Gene targeting strategy for B-hCD94/hNKG2A/hNKG2C mice.

The exons 3-6 of mouse Cd94 gene that encode the extracellular domain were replaced by human CD94 exons 3-6 in B-hCD94/hNKG2A/hNKG2C mice;

The exons 2-6 of mouse Nkg2a gene that encode the extracellular domain were replaced by human NKG2A exons 2-6 in B-hCD94/hNKG2A/hNKG2C mice;

The exons 2-5 of mouse Nkg2c gene that encodes the extracelluar domain was replaced by human NKG2C exons 2-6 in B-hCD94/hNKG2A/hNKG2C mice.

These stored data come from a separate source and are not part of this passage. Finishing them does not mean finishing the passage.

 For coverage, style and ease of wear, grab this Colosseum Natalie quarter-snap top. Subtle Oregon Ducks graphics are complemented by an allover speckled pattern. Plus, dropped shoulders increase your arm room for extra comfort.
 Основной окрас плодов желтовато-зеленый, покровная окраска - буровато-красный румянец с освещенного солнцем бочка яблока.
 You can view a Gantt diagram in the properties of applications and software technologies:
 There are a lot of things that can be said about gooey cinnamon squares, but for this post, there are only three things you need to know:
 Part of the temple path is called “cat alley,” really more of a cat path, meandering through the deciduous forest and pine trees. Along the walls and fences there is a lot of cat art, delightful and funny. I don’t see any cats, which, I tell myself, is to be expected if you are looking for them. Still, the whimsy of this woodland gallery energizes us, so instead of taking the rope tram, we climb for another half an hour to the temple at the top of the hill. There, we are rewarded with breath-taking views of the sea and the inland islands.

Strain specific CD94 expression analysis in heterozygous B-hCD94/hNKG2A/hNKG2C mice by flow cytometry. Splenocytes were collected from wild-type mice and heterozygous B-hCD94/hNKG2A/hNKG2C mice and stimulated with anti-CD3ε in vivo (7.5 μg/mice, stimulation for 24 hours, i.p. ), and analyzed by flow cytometry with species-specific anti-CD94 antibodies. Human CD94 were exclusively detectable in heterozygous B-hCD94/hNKG2A/hNKG2C but not in wild-type mice.

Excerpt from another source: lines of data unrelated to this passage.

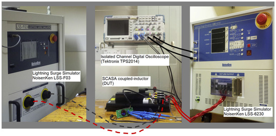 In Section 1.3, we presented details about the standard combinational waveforms (1.2/50 s open-circuit voltage wave and 8/20 s current wave) used for SPD testing. In a high-voltage laboratory encased similarly to a Faraday cage, where electromagnetic radiation was shielded, Lightning Surge Simulators (LSS-6230 and LSS-F03) were used to generate combined transients of a magnitude of 6 kV/3 kA. The device-under-test (DUT) SCASA coupled inductor was connected to 230 V mains via LSS-6230, as shown in Figure 20.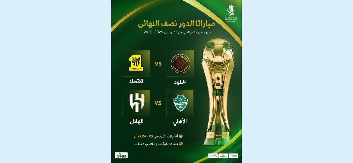 وتقام مباراتي نصف النهائي في شهر فبراير القادم وتحديداً في 23 و 24 وسيكون توقيت المباريات في الساعة 10.30 كونها ستلعب في شهر رمضان الكريم.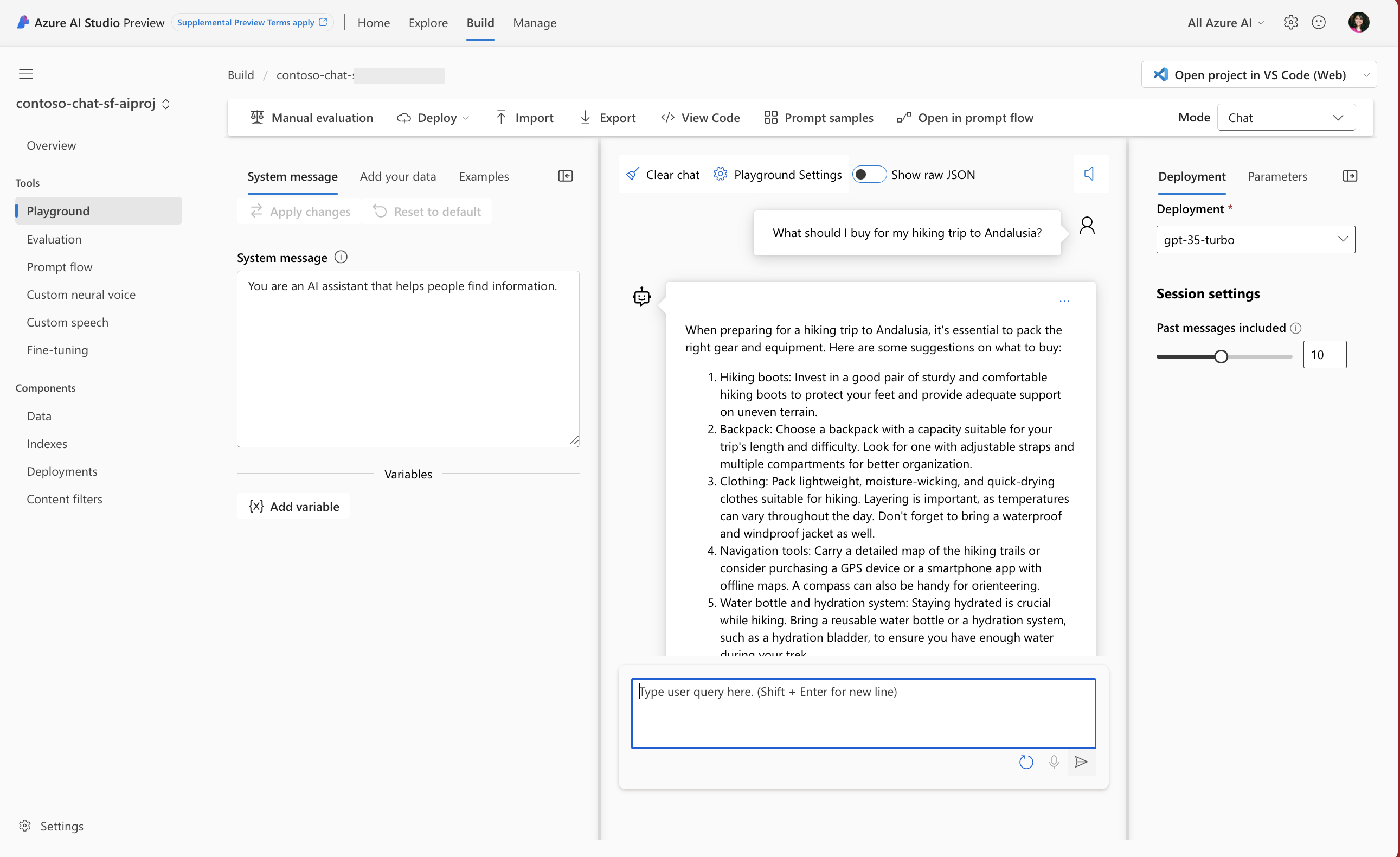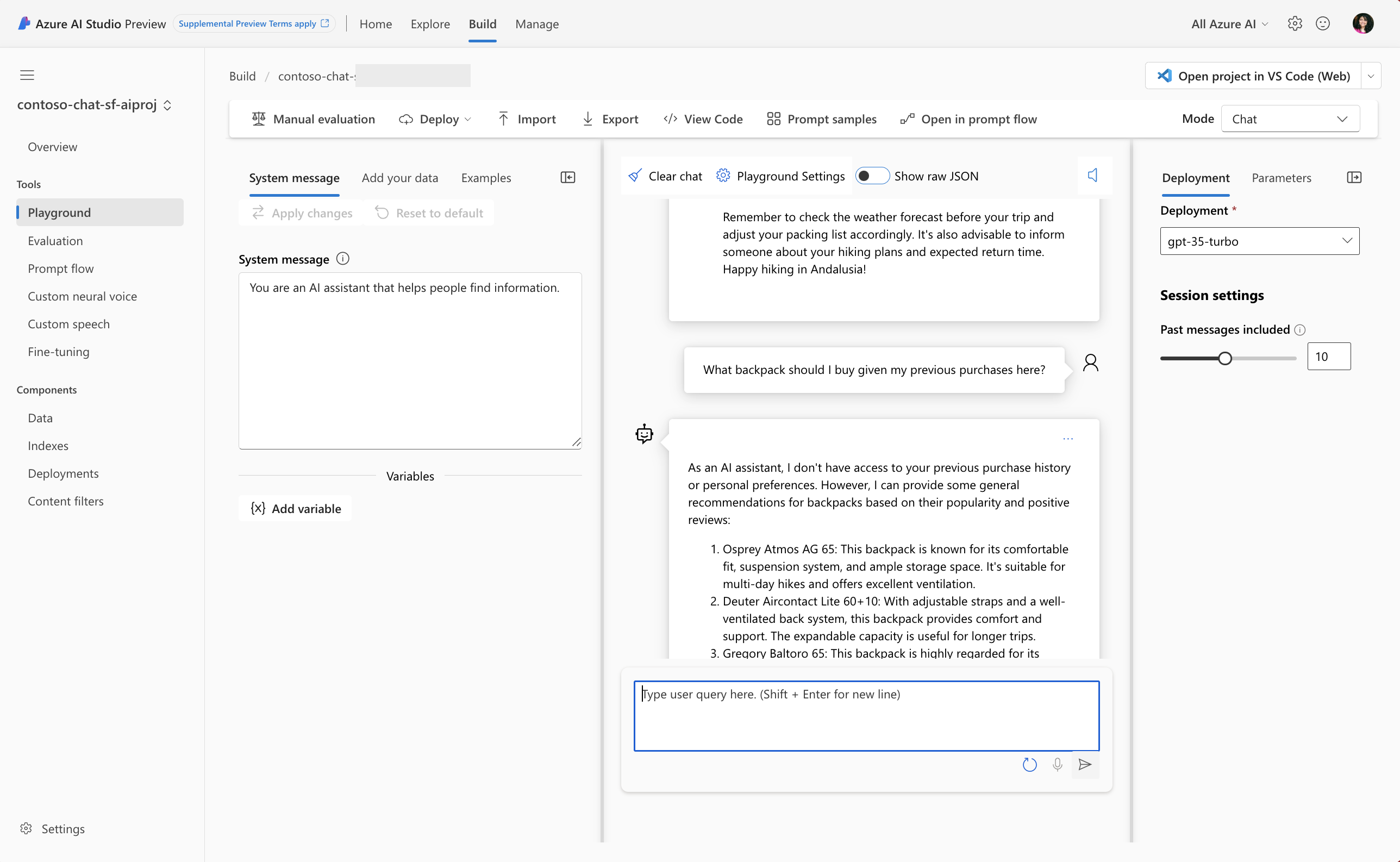 We know that Azure OpenAI provides a number of pre-trained models for chat completion so let's see how the baseline model works for our requirements, by using the Azure AI Studio Playground capability with a gpt-3.5-turbo model deployment. This model can understand inputs (and generate responses) using natural language.

Strain specific NKG2A expression analysis in heterozygous B-hCD94/hNKG2A/hNKG2C mice by flow cytometry. Splenocytes were collected from wild-type mice and heterozygous B-hCD94/hNKG2A/hNKG2C mice and stimulated with anti-CD3ε in vivo (7.5 μg/mice, stimulation for 24 hours, i.p. ), and analyzed by flow cytometry with species-specific anti-NKG2A antibody. Human NKG2A were exclusively detectable in heterozygous B-hCD94/hNKG2A/hNKG2C but not in wild-type mice.

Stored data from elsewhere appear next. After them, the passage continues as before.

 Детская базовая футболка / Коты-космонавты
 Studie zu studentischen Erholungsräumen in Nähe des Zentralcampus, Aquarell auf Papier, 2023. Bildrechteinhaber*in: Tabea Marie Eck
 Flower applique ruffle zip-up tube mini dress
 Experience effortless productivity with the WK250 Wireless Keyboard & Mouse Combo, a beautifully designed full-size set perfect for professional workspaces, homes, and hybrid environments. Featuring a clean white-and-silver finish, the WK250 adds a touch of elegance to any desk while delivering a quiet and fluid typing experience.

Strain specific NKG2C expression analysis in heterozygous B-hCD94/hNKG2A/hNKG2C mice by flow cytometry. Splenocytes were collected from wild-type mice and heterozygous B-hCD94/hNKG2A/hNKG2C mice and stimulated with anti-CD3ε in vivo (7.5 μg/mice, stimulation for 24 hours, i.p. ), and analyzed by flow cytometry with species-specific anti-NKG2C antibody. Human NKG2C were exclusively detectable in heterozygous B-hCD94/hNKG2A/hNKG2C mice but not in wild-type mice.